Een nieuw pensioenstelsel

Afgelopen zondag presenteerden de JOVD, de Jonge Socialisten en de Jonge Democraten een nieuw pensioenstelsel. De politieke jongerenorganisaties stellen hiermee een einde te willen maken aan de generatiestrijd binnen het huidige stelsel. Het voorgestelde stelsel is nogal anders dan het huidige stelsel. Daarmee is het een welkome aanvulling op de discussie over de Nederlandse pensioenen.

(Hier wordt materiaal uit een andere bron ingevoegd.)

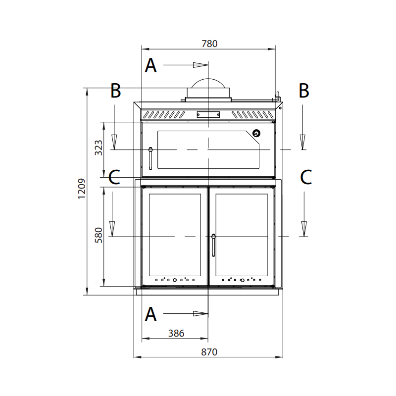 Barbecue Four Ferlux Pratic 80 à encastrer en acier avec portes vitrées.
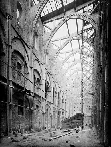Nef, réfection des voûtes, détail des doubleaux achevés
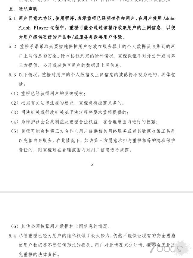 在Adobe Flash Player官网上找到了特供版的用户协议,下载地址在这里,简单截取其中的一部分内容来看,特别是用户隐私部分,重橙网络明确表示可能会搜集用户上网信息,可以在合理范围内将信息披露给第三方,万一出现用户隐私数据安全不能保证的情况,用户也不能追究重橙网络的责任。
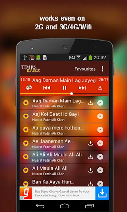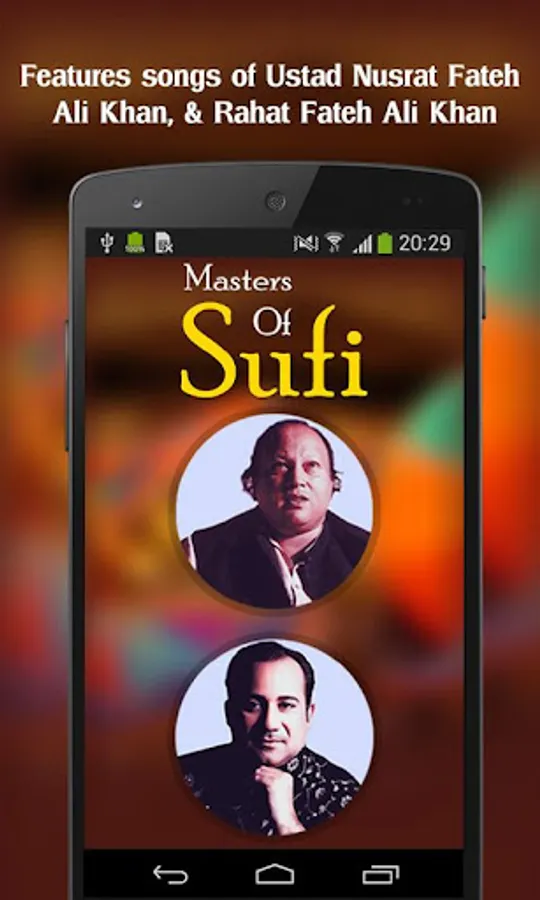 The masters of Sufi and Qawwali form of music come together in this app. This double delight app features some of Nusrat Fateh Ali Khan & Rahat Fateh Ali Khan's finest tracks. After having enthralled audiences in India, Pakistan and the world over with their mesmerising music, the uncle nephew duo give you their biggest hits as well as some unheard soulful tracks in this app.
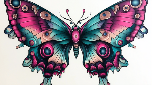 WonderMuralEz a falfestmény tapéta egy lenyűgöző pillangót ábrázol élénk színekkel, beleértve a rózsaszín, türkiz és mélykék árnyalatokat. A grafikai minta, a...
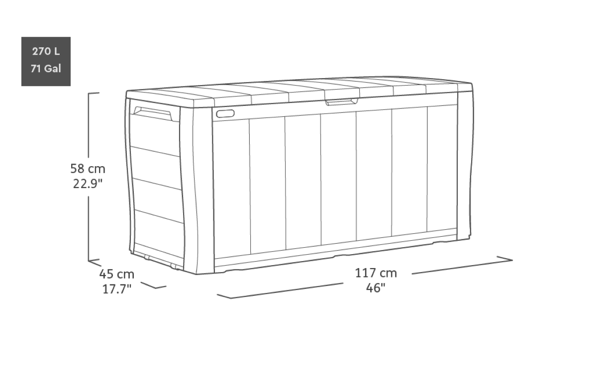 De Keter Sherwood opbergbox biedt genoeg opslagruimte (270L) voor je tuin, maar is ook compact genoeg voor op het terras. Door het aantrekkelijke houtlook ontwerp past hij in elke ruimte. De opbergbox is gemaakt van duurzaam, weersbestendig kunststof die al uw spullen droog en geventileerd houdt, van zwembadaccessoires tot lounge stoelkussens. Hij wordt geleverd met ingebouwde handgrepen en rollen voor eenvoudige verplaatsing. De kussenbox is ook gemakkelijk te monteren.
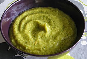 Receta:- Lavamos el calabacín, el puerro y la patata.- Cortamos el puerro en tiras y lo rehogamos en una sartén con un chorrito de aceite hasta que esté dorado.- En una olla cocemos la patatas y el calabacín hasta que estén blandos.- Pela la patata e introdúcela junto con el calabacín, el puerro, los dos quesitos y una pizca de sal en un vaso apto para la batidora y bátelo bien hasta que quede una crema suave.
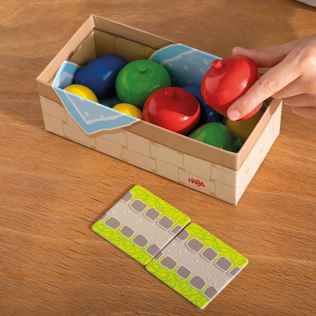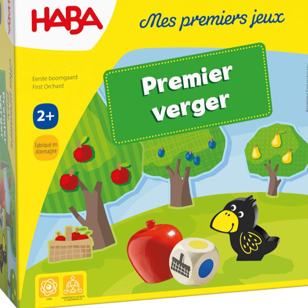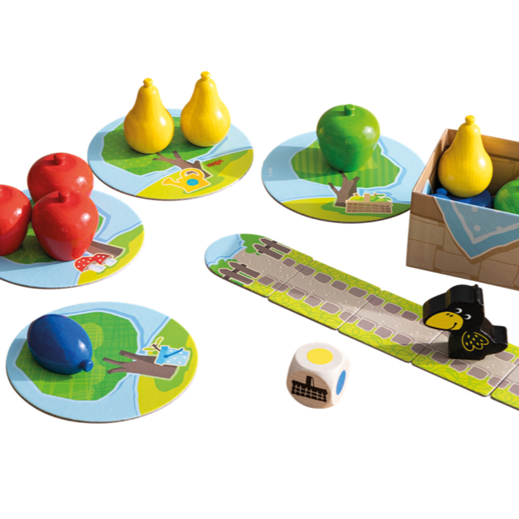 Les arbres croulent sous les fruits et le corbeau Théo aimerait tous les dérober. Lancez le dé et prenez le fruit désigné avant de le glisser dans votre panier. Si le dé indique un corbeau, Théo avance sur sa piste ! Cueillez tous les fruits avant que le cordeau n’arrive dans le verger. Sinon, tout le monde perd la partie.
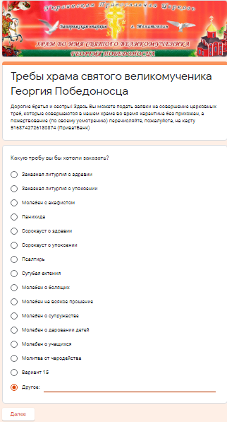 На сайті храму «Георгія Побідоносця» священнослужителі пропонують подавати заявки онлайн на здійснення церковних треб. В принципі, в цьому немає нічого дивного багато церков після введення карантину почали активну діяльність в соціальних мережах, на сайтах. Трохи «осучаснилися».
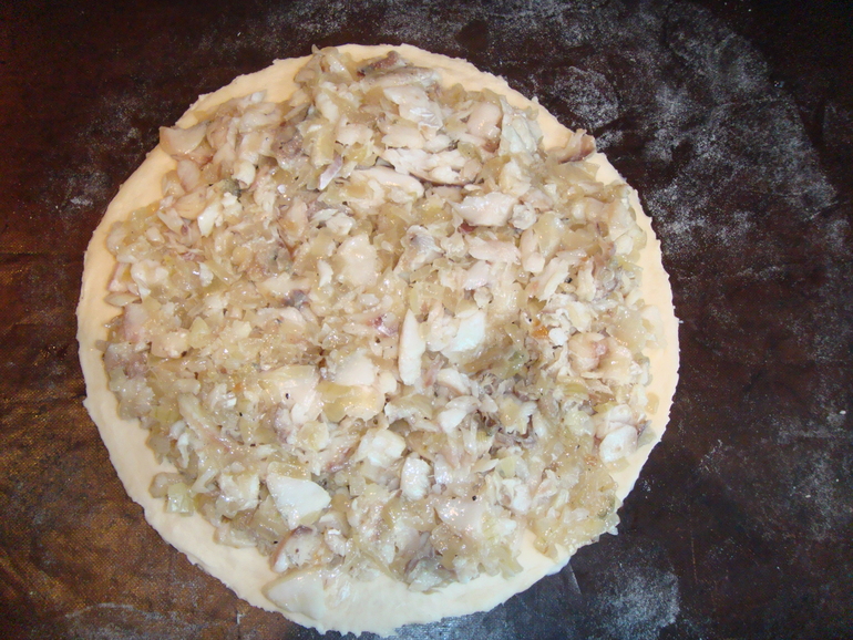 Подожедшее тесто разделить на несколько частей. 1 часть раскатать круглым пластом в 1 см, переложить на противень. Выложить половину начинки:
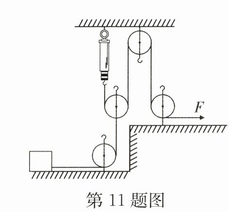 11. (2022·抚顺中考)使用如图所示的滑轮组,沿水平方向匀速拉动质量为300 kg的物体,弹簧测力计的示数为200 N,物体在10 s内移动了1 m. 物体所受的摩擦力为物重的0.1倍. 不计绳重和滑轮组内的摩擦,下列说法正确的是(g取10 N/kg) ( )
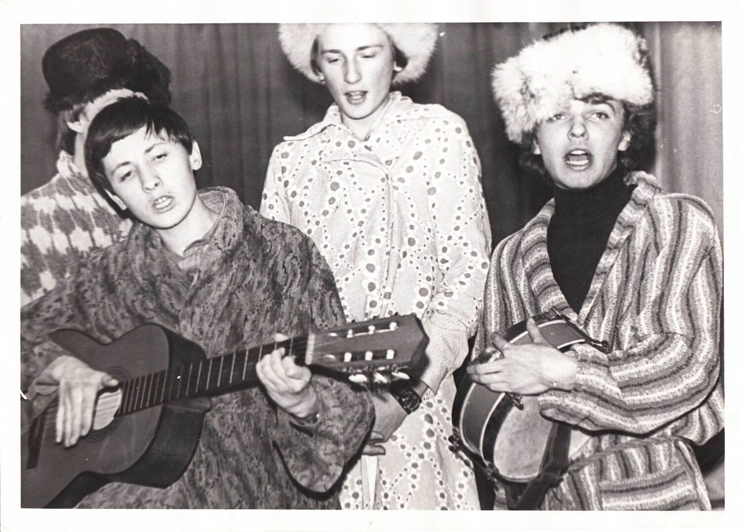 The Modris Tenisons Pantomime Theatre Troupe (1966–1972) that was put together at the Kaunas Drama and Music Theatre captivated local hippies. Young people listened with fascination to the thoughts of the Latvian director about art and philosophy. A few of them started attending pantomime courses. In interacting with young people, the talented director got new ideas and learned to think freely. Pantomime spread at student dances, in the whirlwinds of frolicking youth. Modris’s student and friend, Raganiai (“The Withes”) drummer Natanas Gitkindas, roused the audience by pushing the partitions of the hall as if he was trying to tear down the Berlin Wall. Professional culture intertwined with street culture, and they influenced one another. At the end of the 1970s, during a performance of Light of Happiness at the Vilnius Palace of Culture of Trade Unions by a theatre group founded by actress Valerija Marcinkevičiūtė-Karalienė, verses from Jonas Biliūnas’s poem “Dream” were recited: “Will the Fatherland awaken, will there come a time when darkness, sorcery and slavery will perish?” Not long after, the KGB interrogated the managers of the theatre where Gediminas Storpirštis – who was still in school at the time – was acting. The military men reprimanded them for the “nationalist” poetry recited in the play. It was explained to them that these verses were printed in Soviet Lithuania, in a multi-volume collection Writings by Jonas Biliūnas. In 1973, some students at the Klaipėda Conservatory were almost thrown out of school for a performance they gave for International Women’s Day based on Sergei Yesenin’s poem “The Bitch”.
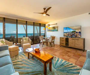 As you enter, you will be taken aback by the amazing views from your private lanai. With plenty of seating to dine or lounge, spend your days relaxing while listening to the sounds of the waves lapping on the beach. The floor-to-ceiling sliding glass doors allow for seamless indoor/outdoor living.
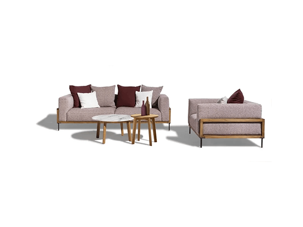 The teak rigid and geometric structures characterizing Soft 3 Seater collection support the embracing and important seats of the outdoor modular sofa, creating a perfect balance between shape and volume.‎ The modular sofa consists of 2 square elements (left and right) and two longue elements (left and right) that allow many combinations to obtain your own desired shape.‎
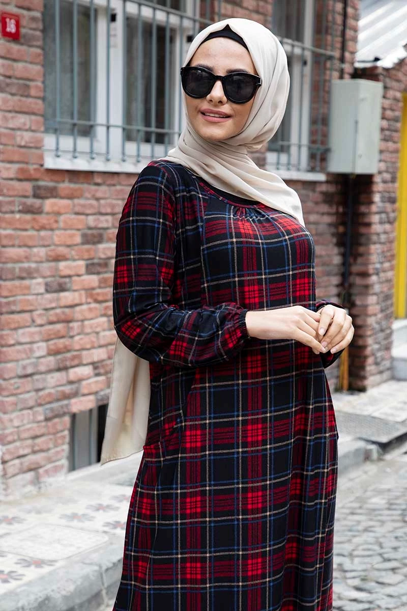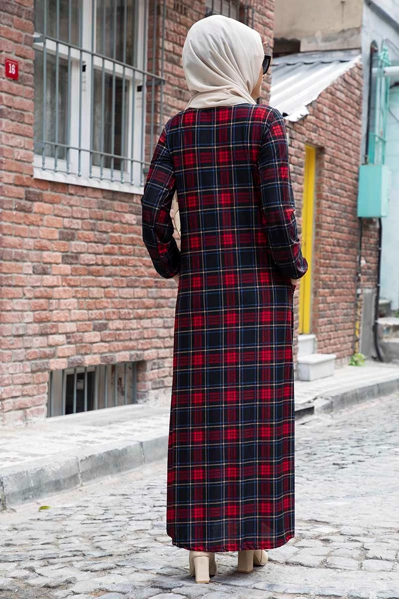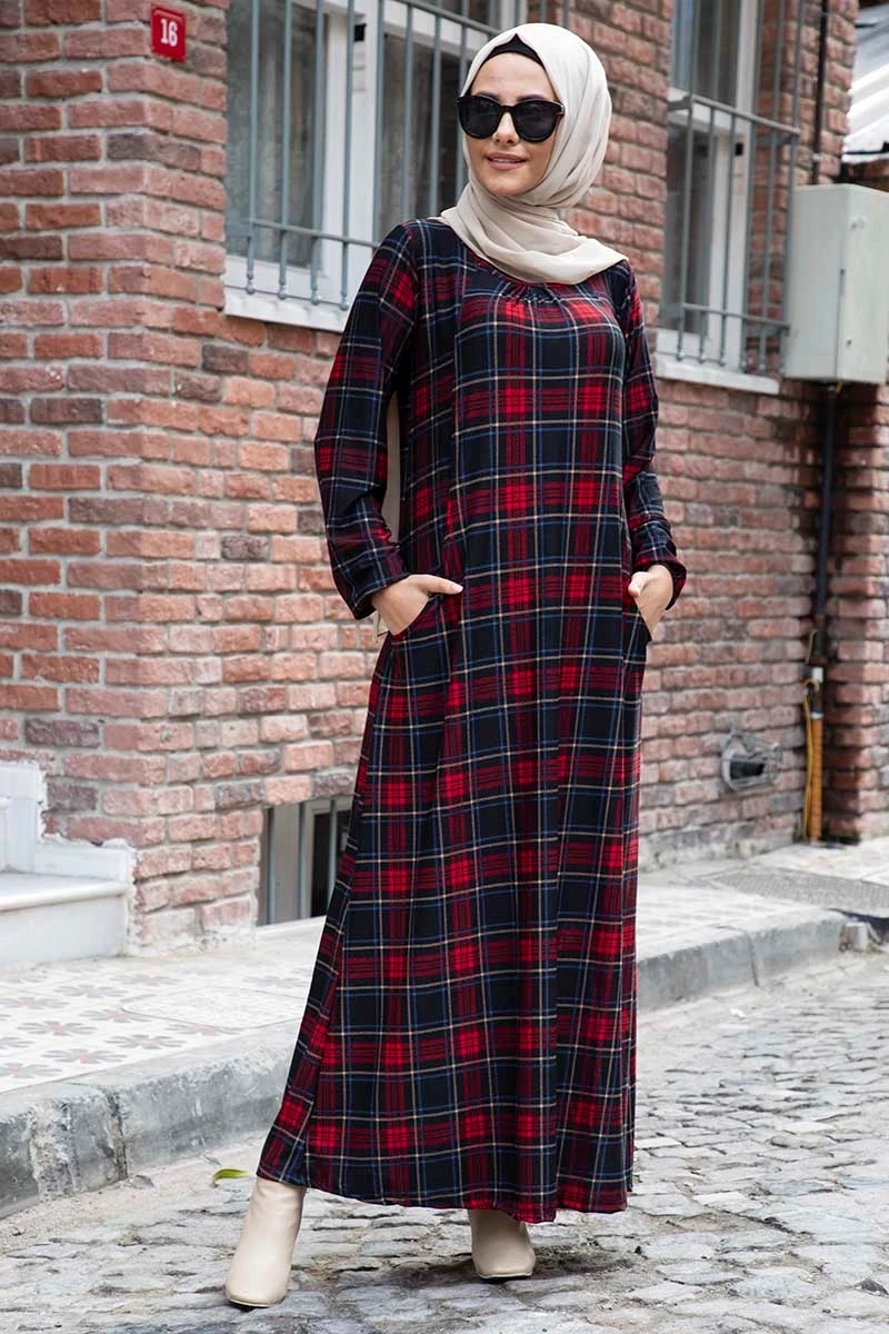 Needion - Cepli Desenli Tesettür Elbise FZ2012ELSH02 S-M
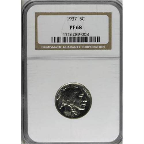 <B>1937 5C PR68 NGC.</B></I> The quicksilver surfaces perhaps show just a smidgen of contrast, more so on the reverse than obverse, with a light overlay. As expected for the grade, the details are needle-sharp, and there are no distractions, even of the most picayune sort. Of the more than 5,700 proofs produced, this is one of the four dozen or so best at both services combined, with none finer (7/07).<BR><BR><b>Shipping:</b> Coins & Currency (<a target="_blank" href="http://www.heritageauctions.com/common/shipping.php">view shipping information</a>\)
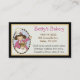 Le carte de visite lunatique d'amusement fait dans les graphiques primitifs d'un pays, montrant une fille mignonne de boulanger dans le casquette de chef ondulant hors d'un ovale a coupé le cadre. Un bon de style de coupe-circuit est du verso. Perfectionnez pour un magasin de boulangerie, le magasin de partie, ou un boulanger fait sur commande indépendant. Customisez les gisements des textes pour personnaliser pour vous-même ou votre magasin.
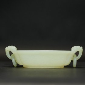 清 和田玉双兽耳吊环水洗雕件 尺寸:长11.4cm,宽7.9cm,高2.4cm,重量126克

Het voorgestelde pensioenstelsel
Het voorstel bestaat uit enkele elementen: individuele pensioenrekeningen, een algemene spaarplicht, vrijheid voor deelnemers om zelf een pensioenuitvoerder te kiezen, vrijheid (binnen zekere grenzen) om te bepalen wanneer het pensioen ingaat en vrijheid (binnen zekere grenzen) om extra pensioen te sparen, beperking van het aantal pensioenfondsen en een leeftijdsgedifferentieerde beleggingsstrategie. De overheid ziet er in het voorstel op toe dat fondsen hun gelden beleggen binnen door de overheid voorgeschreven marges, dat fondsen hun deelnemers goed informeren en dat enkel fondsen toetreden die aan bepaalde kwaliteitseisen voldoen. Hieronder bespreek ik enkele van deze elementen, gerangschikt naar waardering.

++
Het voorstel schept helderheid over individuele eigendomsrechten. In een stelsel met individuele pensioenrekeningen weet elke deelnemer voortdurend hoeveel pensioen hij of zij in de huidige omstandigheden kan verwachten. Hiermee verschilt het met het huidige stelsel dat deelnemers in onzekerheid laat over de te verwachten toekomstige pensioenuitkering.

+
De voorgestelde algemene spaarplicht heft de asymmetrische behandeling van werknemers in loondienst en zelfstandigen op. Het huidige stelsel ziet immers zelfstandigen anders dan werknemers in loondienst als mensen die zeer wel in staat zijn hun financiële planning zelf te organiseren en voor wie een verplichting enkel een last vormt; een karakterisering die weinig realistisch is. De inclusie van zelfstandigen in de pensioenvoorziening is bovendien goed voor de onderlinge solidariteit.

+/-
De introductie van vrijheid voor deelnemers om zelf een pensioenuitvoerder te kiezen kan de concurrentie tussen pensioenfondsen bevorderen en het aantal fondsen verminderen. Hierdoor kan op uitvoeringskosten worden bespaard. Maar concurrentie drijft ook de kosten op. Elk fonds zal zich immers willen onderscheiden van andere fondsen en daarvoor marketingkosten maken. Wat er per saldo met de kosten gebeurt, is a priori niet duidelijk.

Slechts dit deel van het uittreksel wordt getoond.